At below 1 CMC, P. putida adhesion has the tendency to follow the bacteria water contact angle, which increases towards 1 CMC. The adhesion decreases after the bacteria become hydrophilic (P < 0.05). P. putida becomes hydrophobic at below 1 CMC, which is more likely to adhere on the fungal surface, as shown in Fig. 1. However, rhamnolipid did not influence the water contact angle of P. putida at above 1 CMC. Therefore, no changes in bacterial adhesion were observed. The adhesion beyond 1 CMC could facilitate by P. putida surface energy, A. brasiliensis water contact angle and surface energy.
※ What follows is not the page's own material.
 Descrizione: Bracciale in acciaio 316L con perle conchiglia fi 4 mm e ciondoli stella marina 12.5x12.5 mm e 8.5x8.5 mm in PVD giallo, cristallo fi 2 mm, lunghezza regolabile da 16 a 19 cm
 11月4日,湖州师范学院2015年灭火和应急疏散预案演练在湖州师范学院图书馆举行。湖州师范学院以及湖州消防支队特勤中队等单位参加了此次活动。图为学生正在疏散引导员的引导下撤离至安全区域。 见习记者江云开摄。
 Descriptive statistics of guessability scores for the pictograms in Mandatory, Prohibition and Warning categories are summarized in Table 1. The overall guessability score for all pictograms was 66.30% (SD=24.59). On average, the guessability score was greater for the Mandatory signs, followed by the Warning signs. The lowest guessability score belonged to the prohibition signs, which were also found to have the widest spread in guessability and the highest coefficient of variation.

As the Gram-negative bacteria, the outer membrane of P. putida plays a significant role in adhesion. Most of the Gram-negative bacteria have exopolymeric substances (EPS) and proteinous cell appendages for adhesion purposes and act as adhesin between the cell body [51]. Therefore, P. putida adhesion to A. brasiliensis increases when the surface is hydrophobic and still manages to adhere to the hydrophilic state as long as the fungal surfaces serve higher surface energy. This is in agreement with a study done by Zhang et al. [52] which the lower the difference between bacteria surface energy and solid surface energy, the higher the bacterial adhesion would be. To obtain lower value of the surface energy difference, higher surface free energy is required on the solid surface. In our study, the negative value of surface energy difference was observed to indicate favourable adherence of both bacteria on fungal surfaces in the presence of rhamnolipid.
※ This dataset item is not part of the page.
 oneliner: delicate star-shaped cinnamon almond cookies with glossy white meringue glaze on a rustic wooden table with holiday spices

The adhesion result shows that only the water contact angle of R. erythropolis is significantly contributed to the adhesion on A. brasiliensis (P < 0.05). There is no significant difference with the water contact angle of A. brasiliensis and the surface energy of the bacteria and the fungi (P > 0.05). The adhesion of R. erythropolis at below 1CMC was strongly mediated by the bacteria water contact angle through acid-base (hydrophobic-hydrophobic) interaction force and fungal surface energy. However, the adhesion of R. erythropolis at above 1 CMC was still unclear whether the bacteria are adhering on the fungal surface or become bigger colony. This might be due to hydrophobic interaction between the cells, hence leaving the tiny colony in liquid medium. At above 1 CMC of rhamnolipid, the A. brasiliensis surface is in hydrophilic nature, but the adhesion result shows strong R. erythropolis adhesion on the fungal surfaces. In many studies, a linear relationship was found between microbial surface hydrophobicity and their adhesion to hydrophobic solid surfaces. The results of this study are in agreement with previous studies saying that hydrophobic bacteria have stronger adhesion on hydrophobic surface than hydrophilic surface [28, 52,53,54]. Moreover, our findings are also in line with Schreiberová et al. [53] and Feng et al. [26], which found that surface hydrophobicity of R. erythropolis increased when treated with rhamnolipid and form strong biofilm on hydrophobic surfaces.

Conclusion

The rhamnolipid modified the cell surface hydrophobicity of bacteria and fungus and increased their electron donor properties. The addition of rhamnolipid not only alters the bacteria and fungus physicochemical properties but also varies the adhesion surface activity. At below 1 CMC, the adhesion of P. putida improved by 16% and no improvement at above 1 CMC. Meanwhile, the R. erythropolis adhesion on A. brasiliensis was less influenced by the addition of rhamnolipid. Clearly, the physicochemical properties of fungus are quantitatively significant and responsible for the adhesion of bacteria on fungi. The adhesion driving force for the bacterial adhesion is mainly driven by acid-base interaction. The thermodynamic principals (surface energy and total free energy of adhesion) successfully predict the adhesion of bacteria on fungal surfaces. Overall, these findings suggest that the adhesion of hydrophilic bacteria on hydrophobic fungal surfaces can be optimized by modifying the bacteria and fungi physicochemical properties using rhamnolipid. In the future, the mechanism of bacteria and fungi interaction in the presence of surfactants should consider the changes in physiological state of both fungus and bacteria that could be altered during treatment.